Try to connect to a session that should be able to be connected to directly - a headless session with forcePort enabled & allowed through the host's firewall is a common situation where this will work.

Notice that a direct connection is never attempted and the LNL relay is used after the client fails NAT punchthrough.

Expected behavior

LNL to attempt a direct connection and succeed, causing the client to connect directly to the session rather than going via the relays.

Screenshots

No response

Resonite Version Number

2024.5.7.505

What Platforms does this occur on?

Windows, Linux

What headset if any do you use?

Desktop

Log Files

Client log (Relevant lines start at line 1272) DYSNOMIA - 2024.5.7.505 - 2024-05-08 18_00_23.log

Headless log (Relevant lines start at line 967) headless - 2024.5.7.505 - 2024-05-08 05_59_41.log

Additional Context

No response

Reporters

bredo, sveken, t.o.a.s.t.e.r.

ProbablePrime commented 1 month ago

I have an exceedingly vague memory about lnl-nat being first being intentional. I don't know if that was said or if I'm even remembering it properly but it may be that there is some reason behind lnl-nat being first.

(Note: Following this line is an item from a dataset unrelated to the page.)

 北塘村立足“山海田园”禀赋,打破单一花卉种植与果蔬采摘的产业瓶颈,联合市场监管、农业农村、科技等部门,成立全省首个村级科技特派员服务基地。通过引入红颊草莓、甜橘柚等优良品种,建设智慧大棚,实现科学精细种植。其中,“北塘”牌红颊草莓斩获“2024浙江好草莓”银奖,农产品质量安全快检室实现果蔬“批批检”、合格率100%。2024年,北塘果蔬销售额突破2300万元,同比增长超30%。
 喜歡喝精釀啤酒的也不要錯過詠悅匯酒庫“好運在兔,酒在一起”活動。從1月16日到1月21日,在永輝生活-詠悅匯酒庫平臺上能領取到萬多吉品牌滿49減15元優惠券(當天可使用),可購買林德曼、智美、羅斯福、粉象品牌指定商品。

However, @Frooxius was suggesting maybe making this change on a branch we have for a B2B contract and of course Froox would know more.

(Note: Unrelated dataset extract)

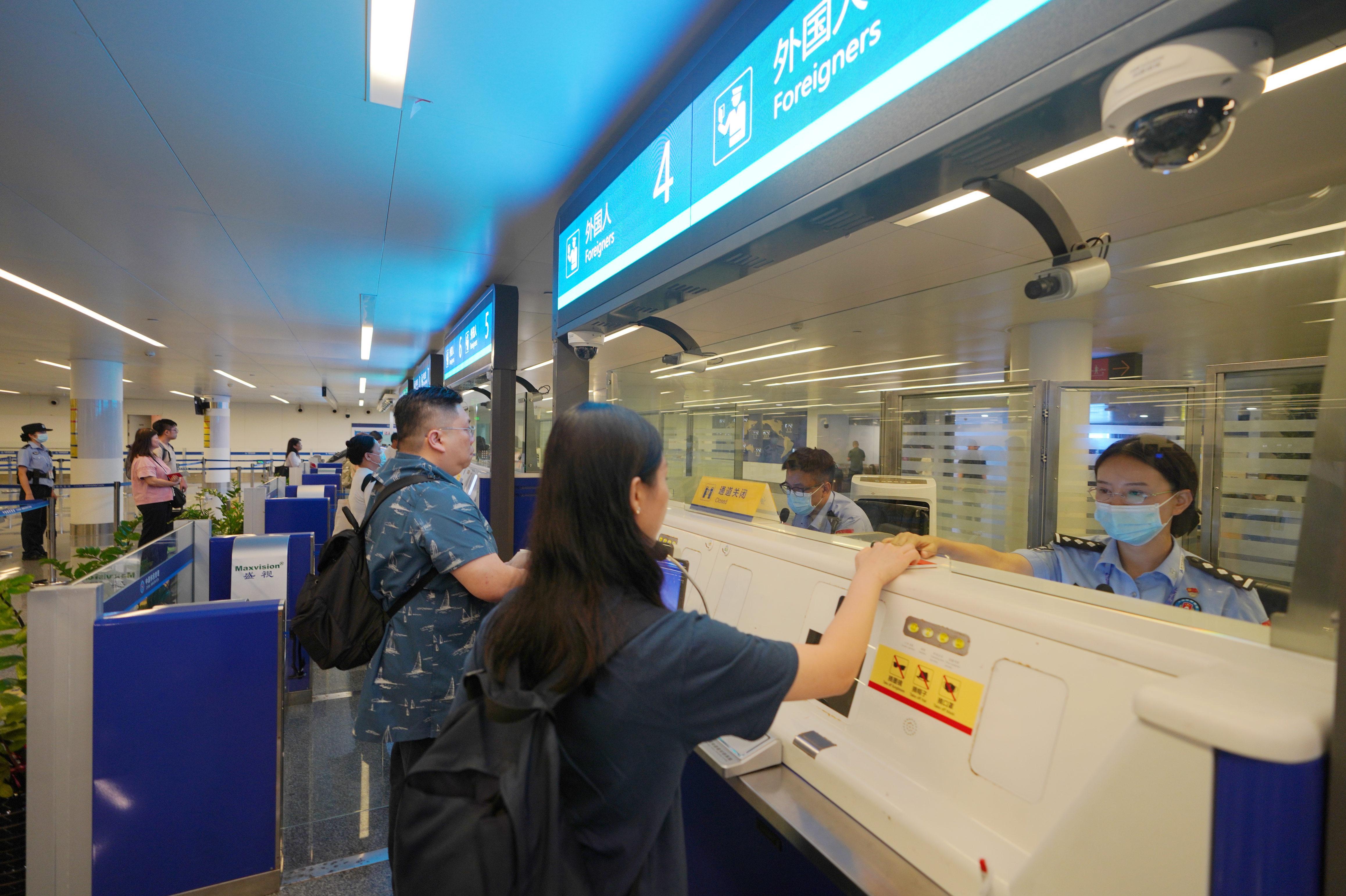 圖為“朱槿花服務(wù)隊(duì)”隊(duì)員對(duì)入境的參展客商進(jìn)行證件查驗(yàn)。梁簫 攝

Frooxius commented 1 month ago

LNL NAT punchthrough mechanism should actually establish direct connection in most cases on itself - the way it works it makes both sides try to connect to whatever their publicly visible IP is - if that's directly exposed IP on the server, that should generally just work.

However based on the log, there's no connection offered over direct LNL - therefore it cannot prioritize that at all.

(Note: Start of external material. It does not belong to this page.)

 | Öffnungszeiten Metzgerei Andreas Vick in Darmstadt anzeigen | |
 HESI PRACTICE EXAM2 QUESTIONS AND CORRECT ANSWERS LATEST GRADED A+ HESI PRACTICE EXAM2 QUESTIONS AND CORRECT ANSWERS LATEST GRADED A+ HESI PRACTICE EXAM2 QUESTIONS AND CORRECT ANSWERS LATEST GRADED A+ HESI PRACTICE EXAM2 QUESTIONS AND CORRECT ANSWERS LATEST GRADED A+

There's some question on how to achieve this - you'd need to provide the public IP for that one yourself, so it can be offered, probably via a config file.

But generally you shouldn't need to - the LNL Bridge should see the public IP and tell the other client to connect to that - question is, why is it failing in this case?

Are you able to provide any details on when this actually fails? What the server configured like? Can this be reproduced reliably?

bredo228 commented 1 month ago

This server's configured with the headless listening on port 25570 on a public IPv4 address assigned to it - from the client, I can successfully direct connect to it by using the "Open World" ProtoFlux node to lnl://172.96.161.57:25570

{
  "loginCredential": "BigGreenWolfy",
  "loginPassword": "no",
  "startWorlds": [
    {
      "isEnabled": true,
      "sessionName": "[US] The ReSync Lounge",
      "customSessionId": "S-U-BigGreenWolfy:SyncLounge",
      "forcePort": 25570,
    }
  ],
}

The problem that I've introduced in this network lies within one of the routers randomising the source port of the connection on the client side - a common occurrence when carrier grade NAT is performed, or in this case it's just because opnsense randomises ports by default when doing outbound NAT. This can be reproduced reliably.

Firewall performing randomization: image

It looks like whatever connection that is being established is failing during LNL punchthrough - I can see traffic flowing but I'm unsure where it's failing at establishing a connection - it seems to just be failing somewhere.

ProbablePrime commented 1 month ago

On a branch, I have a heck of a lot more logging on all parts of this problem. We should be able to more easily figure it out once that's over on main.

I've got some tidying up to do on that branch though.

ProbablePrime commented 1 month ago

You might be able to mess around with: https://github.com/Yellow-Dog-Man/LNLBridgePoker to diagnose networking issues.

It emulates the barebones of what the LNL Bridge and Resonite/headless do. Not sure if it would be helpful but hey its there.

bredo228 commented 1 week ago

On a branch, I have a heck of a lot more logging on all parts of this problem. We should be able to more easily figure it out once that's over on main.

I've got some tidying up to do on that branch though.

Compiled the latest commit of LiteNetLib from https://github.com/Yellow-Dog-Man/LiteNetLib with all the debugging enabled, stuck it on the headless and client and have the logs here:

client - H370-WIN11 - 2024.6.5.1084 - 2024-06-07 18_45_13.log headless - glaceon - 2024.6.5.1084 - 2024-06-07 06_44_25.log

Not sure how useful they'll be but they're here.